From the poetic tradition of America, Walt Whitman wrote in “Song of Myself:” “I am the clock myself.”

From the rock ‘n roll tradition, the Beatles sang in “I am the Walrus,” “I am he as you are he as you are me and we are all together.”

English-born philosopher and popularize of Zen, Alan Watts wrote, “You and I are all as much continuous with the physical universe as a wave is continuous with the ocean.”

From the Islamic tradition, Ibn Arabi wrote, “I belong to God, as has often been shown; yet I also belong to myself. He becomes himself through me. I live in him, and I live in myself. I have two aspects, he and I, divine and human. But he is not I, and I am not he. My actions are the theatre in which he expresses himself; to him I am a vessel.”

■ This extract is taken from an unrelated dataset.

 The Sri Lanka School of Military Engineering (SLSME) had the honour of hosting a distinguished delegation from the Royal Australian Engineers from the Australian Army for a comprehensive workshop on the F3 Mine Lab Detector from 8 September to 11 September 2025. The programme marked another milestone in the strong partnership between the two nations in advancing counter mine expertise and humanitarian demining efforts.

Even scientists have glimpsed that oneness; Albert Einstein wrote, “At such moments one imagines that one stands on some spot of a small planet gazing in amazement at the cold and yet profoundly moving beauty of the eternal, the unfathomable. Life and death flow into one, and there is neither evolution nor eternity, only being.”

Even an aviator/adventurer such as Charles Lindberg, the first man to fly across the Atlantic Ocean, felt it, writing in his autobiography: “Watching satellites and staring at the stars, I seemed to lose contact with my earth and body and to spread out through the cosmos by means of an awareness that permeates both space and life – as though I were expanding from a condensation of awareness previously selected and restricted to the biological matter that was myself.”